Mahmoud Ahmadinejad's government is seeking to divert attention from hardline rivals' allegations that some of the Iranian president's allies, including his chief of staff, are involved in black magic and exorcism.

The government is doing so by assuming the leading role in the battle against occult practices and nonconformist ideologies.

Alireza Afshar, acting interior minister in executive affairs, told Nasim Online, a news website, that the ministry had commissioned a non-governmental organisation to identify those engaged in divination and exorcism as well as "deviant schools of thought and false Gnosticism".

Under Iranian laws various kinds of occultism are punishable by fines and jail terms of up to seven years.

Occult practices such as fortune-telling, divination and black magic have always existed in certain strata of Iranian society and were largely tolerated unless individuals claimed to be victimised or defrauded.

In a later interview Mr Afshar added "devil-worshippers" as subjects of the intended crackdown. Devil-worshipper is the collective term that authorities in Iran often use to refer to underground rock bands and young people dressing unconventionally or "western-style".

A political analyst from Tehran said: "By reducing the fight against occultism to the ordinary diviners and fortune-tellers, and of course launching an attack on nonconformist youth culture, Sufi sects, [and] non-Islamic Gnostic groups such as popular Indian theosophical cults, the government can divert attention, at least for a while, from their own involvement in practice of the occult against their rivals."

Esfandiar Rahim Mashaie, Mr Ahmadinejad's chief of staff, is considered the main cause of the occult brouhaha.

Ayatollah Mohammad Taqi Mesbah Yazdi, a hardline cleric who was once thought to be Mr Ahmadinejad's mentor, recently claimed that Mr Mashaie had cast a spell on Mr Ahmadinejad. As many as 25 men associated with Mr Mashaie were arrested last month on charges of sorcery and black magic.

Hardline websites claimed one of these men, Ali Yaqubi, had gained supernatural powers by desecrating the Quran and invoking Satan and evil spirits.

Neither Mr Ahmadinejad's hardline rivals in the parliament and the judiciary nor the clergy challenge the belief in the existence of supernatural beings such as the jinn, but they claim the "deviant circle", the president's men, have been using the power of the supernatural beings towards evil ends.

"Their rivals are not less guilty of resorting to occult practices. They have their own divinators, too, and maybe even exorcists," the analyst said.

"This may well be an opportunity to threaten to expose the pro-clergy rivals' engagement in similar practices.
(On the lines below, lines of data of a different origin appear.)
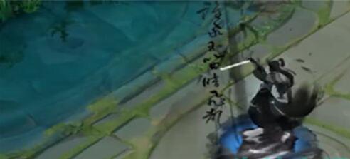 一技能释放可以在原地触发黑色人影,在幽蓝寂静的水面上吹奏笛子,边上有歌词文字展示,意境很高;
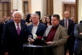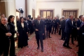 Prec Zogaj, Ylli Rakipi, Aleksander Frangaj dhe Luan Rama during the reception of the President of the Republic, Bajram Begaj with the journalists on the occasion of the new year 2023. He called on the media to stand up at the level of their mission, asking them not to abuse the media space for narrow interests.
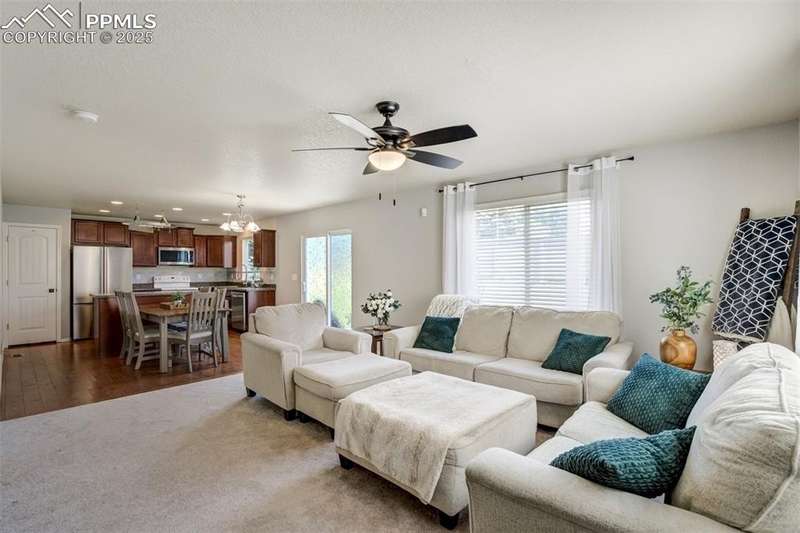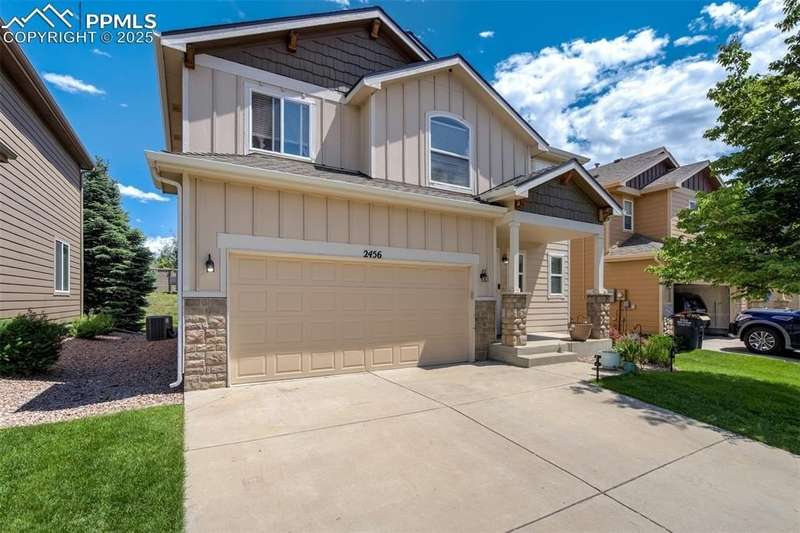 Welcome to your fresh-start in the centrally located Sierra Springs community of Colorado Springs — where the living is easy and the lawn maintenance is someone else’s problem. This 4-bedroom charmer has everything you need and nothing you don’t: walk in and see the brand new carpet underfoot (smells like fresh beginnings!). The open floor plan that keeps everyone connected, whether it’s family game night or dinner with friends. The kitchen is equipped with a large island, pantry, new deep sink, and appliances. Upstairs you'll find 4 bedrooms, to include the Primary Suite- which has vaulted ceilings, an attached bathroom, and spacious walk-in closet. Another full bathroom for the secondary bedrooms, and a dedicated laundry room finish out the upstairs. The attached 2-car garage can fit your vehicles, gear, or maybe your in-laws if they visit too long. The HOA covers exterior lawn maintenance, trash removal, and even snow removal — yes, seriously. Driveway? Sidewalk? It's all taken care of, while you sip cocoa indoors. Central A/C to keep you cool when the Colorado sun forgets it’s at altitude. Sierra Springs is the kind of neighborhood where the lawns look sharp and the streets stay clear (thanks, lawn & snow gods), and you actually have time to enjoy the Colorado lifestyle you came for. Come see it before someone else snaps it up!

The clerical establishment can't tolerate being marginalised by the spread of occultism of the kind the political alliance that has formed around Mr Ahmadinejad is promulgating.

"These men challenge the authority of the traditional clerics by claiming to have their own means of acquiring the truth, without any help from the clergy. The clergy has every reason to fear losing its status and becoming redundant if an alternative is found in occult practices and beliefs."